*** Opening RECORDS SUPPLIED ***
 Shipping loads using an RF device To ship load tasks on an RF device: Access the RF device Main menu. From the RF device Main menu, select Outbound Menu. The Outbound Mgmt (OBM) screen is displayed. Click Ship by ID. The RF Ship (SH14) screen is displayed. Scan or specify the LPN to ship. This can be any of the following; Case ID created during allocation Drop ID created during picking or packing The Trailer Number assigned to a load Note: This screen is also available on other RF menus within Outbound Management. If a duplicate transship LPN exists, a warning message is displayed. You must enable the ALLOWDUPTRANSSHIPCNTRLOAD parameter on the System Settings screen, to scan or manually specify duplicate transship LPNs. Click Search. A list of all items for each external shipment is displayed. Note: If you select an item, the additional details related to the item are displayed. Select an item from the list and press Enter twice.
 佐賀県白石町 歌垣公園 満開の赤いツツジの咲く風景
*** Closing RECORDS SUPPLIED ***
*** Opening RECORDS SUPPLIED ***
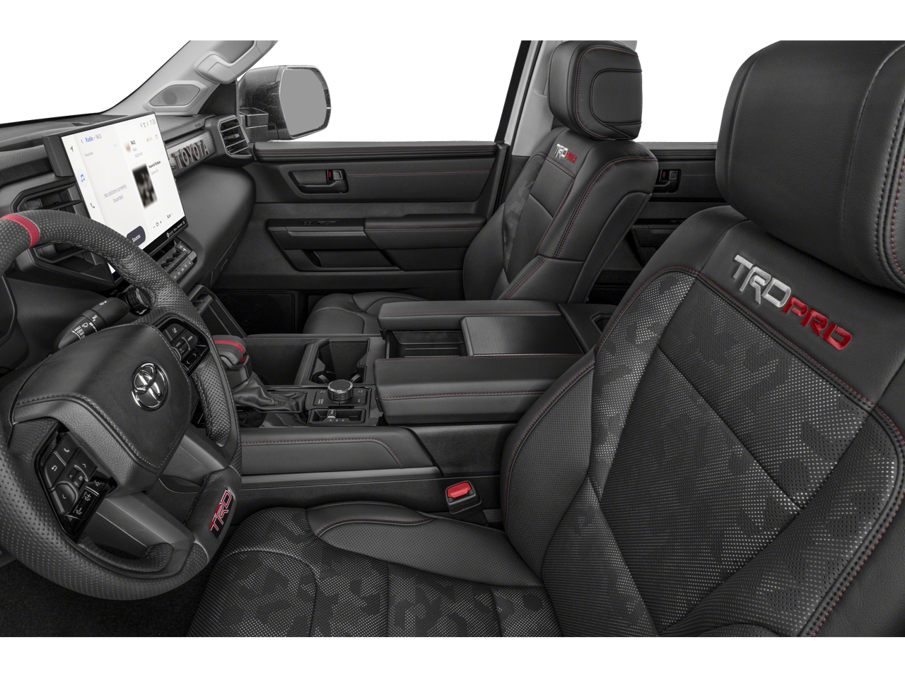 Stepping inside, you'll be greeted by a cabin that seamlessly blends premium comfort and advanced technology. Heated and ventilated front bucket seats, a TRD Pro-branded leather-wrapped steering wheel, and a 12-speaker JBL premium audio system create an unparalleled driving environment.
*** Closing RECORDS SUPPLIED ***
*** Opening RECORDS SUPPLIED ***
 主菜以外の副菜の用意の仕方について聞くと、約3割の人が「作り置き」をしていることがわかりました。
*** Closing RECORDS SUPPLIED ***
● **EXERCISE DESCRIPTION**
Return the span of lines in the data above that opens at the line with "Shipping loads using" and closes at the line with "佐賀県白石町 歌垣公園 満開の赤いツツジの咲く風景", exactly, ends included, nothing else.

● **SOLVED EXERCISE**
 Shipping loads using an RF device To ship load tasks on an RF device: Access the RF device Main menu. From the RF device Main menu, select Outbound Menu. The Outbound Mgmt (OBM) screen is displayed. Click Ship by ID. The RF Ship (SH14) screen is displayed. Scan or specify the LPN to ship. This can be any of the following; Case ID created during allocation Drop ID created during picking or packing The Trailer Number assigned to a load Note: This screen is also available on other RF menus within Outbound Management. If a duplicate transship LPN exists, a warning message is displayed. You must enable the ALLOWDUPTRANSSHIPCNTRLOAD parameter on the System Settings screen, to scan or manually specify duplicate transship LPNs. Click Search. A list of all items for each external shipment is displayed. Note: If you select an item, the additional details related to the item are displayed. Select an item from the list and press Enter twice.
 佐賀県白石町 歌垣公園 満開の赤いツツジの咲く風景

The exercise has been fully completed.